Cipressetti impettiti
coi verdi pensieri arsi dal sole
sognano miraggi d’ombra,
rugiade del mattino.
L’anziano contadino rincorre
tra rovi di more ed arbusti
l ‘indomita capretta che guizza,

salta, scalcia, poi trotterella
in fretta verso il laghetto.
Lì gracida l’allegra raganella.
Come è silente e placida
la vasta quiete, che sovrana cinge
il biondo tremolio delle stoppie.

La soave campagna, è bella
da mozzare il respiro.
Rapita dall’arcana malia,
m’assale il desiderio di qui
sostare e non andare via.

 

 

 

Casella di testo: Cristina Burchi
In gita sulle colline senesi

Ogni volta è una meraviglia sulle colline scendere e salire,
gli occhi sono estasiati dal fermo panorama e vien da dire:
che bellezza, che magia, sembra di tornar indietro nel tempo,
alla vita dei contadini, alla ruralità dei primi del Novecento.

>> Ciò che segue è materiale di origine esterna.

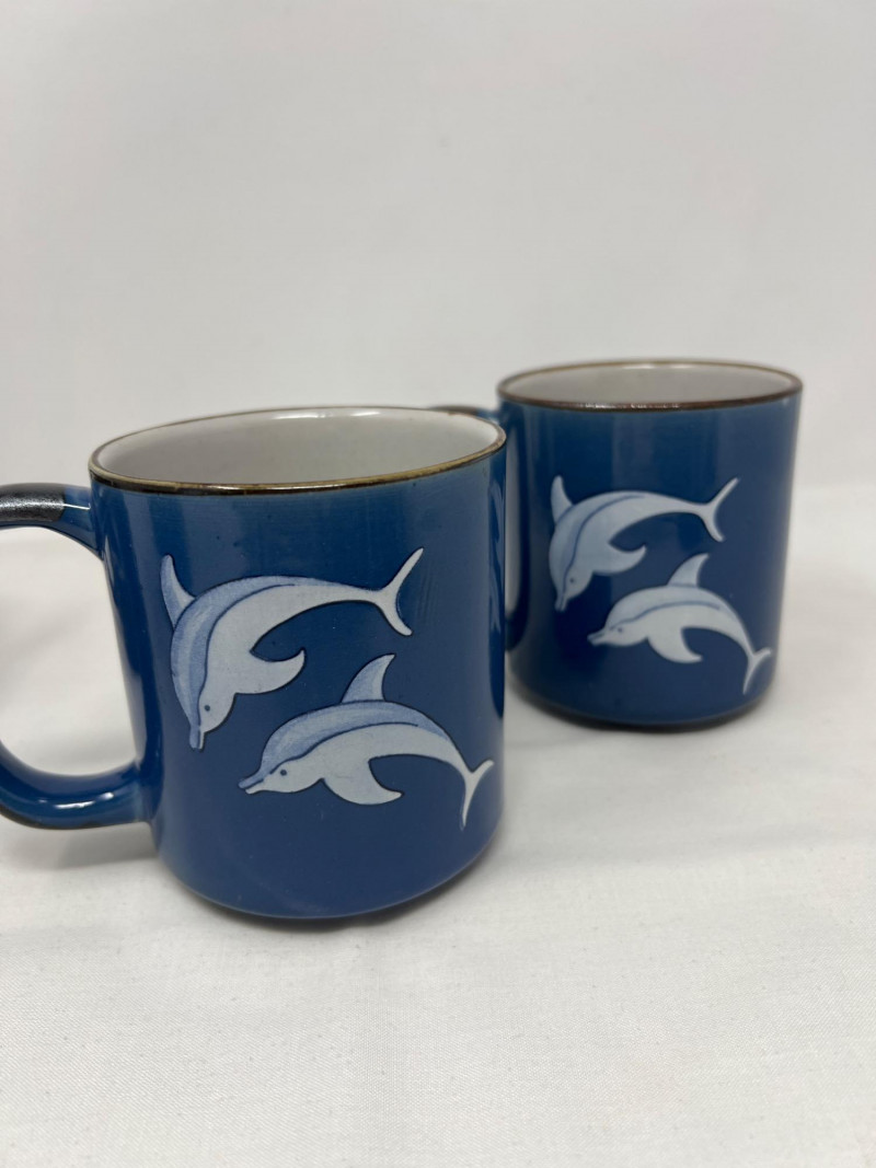 A set of ceramic coffee mugs from Sanibel Island, Florida, each adorned with gentle depictions of dolphins, seagulls, and seashells. These pieces evoke the living shoreline—where morning light meets salt air and sea creatures drift into view. Perfect for collectors of coastal keepsakes, lovers of marine life, or those curating a kitchen with beachside warmth and quiet whimsy. A ceramic tribute to the Gulf’s natural rhythm. Appear to be new or hardly used.

Mentre il mio fidanzato tra una curva e l’altra guida attento,
io mi guardo intorno, mi innalzo e sogno fino allo sfinimento.
Siam fra morbide colline verdi, marroni, rossicce e color sabbia,
di rotolarmici lentamente sopra, giuro, avrei una grande voglia.

Ci fermiamo a San Galgano e pranziamo sotto alcuni pini,
ci riposiamo, giochiamo a carte, poi ci diamo due bacini.
Visitiamo la poderosa Abbazia a tre navate e senza tetto,
poi la famosa Spada nella roccia nel Chiesino benedetto.

Dopo aver scattato delle foto, decidiamo di proseguire il giro,
la pace e la calma che stanno intorno davvero tolgono il respiro.
E’ anche bello, in questa calda estate, esser dal vento accarezzati,
della campagna perfino gli odori di fieno e letame sono apprezzati.

Queste alture del Senese sono un autentico Paradiso,
un patrimonio naturale, sarai tu del mio stesso avviso.
Ogni volta che ci torno in auto, in moto o in bicicletta
rimango assai stupita e vorrei esser una cavalletta.

Così da poterci rimanere e nell’erba saltar lieta,
frinire ai ricci e alle cicale, poi dormire mansueta.
Esser quindi svegliata dal canto dei fringuelli,
girare per i campi e sorrider a passeri e merli.

Ma sono una ragazza in una gita giornaliera,
sono fuori da stamani e rincaserò stasera;
a volte soffro d’insonnia ma di una cosa sono certa
che stanotte dormirò bene grazie alla nostra trasferta.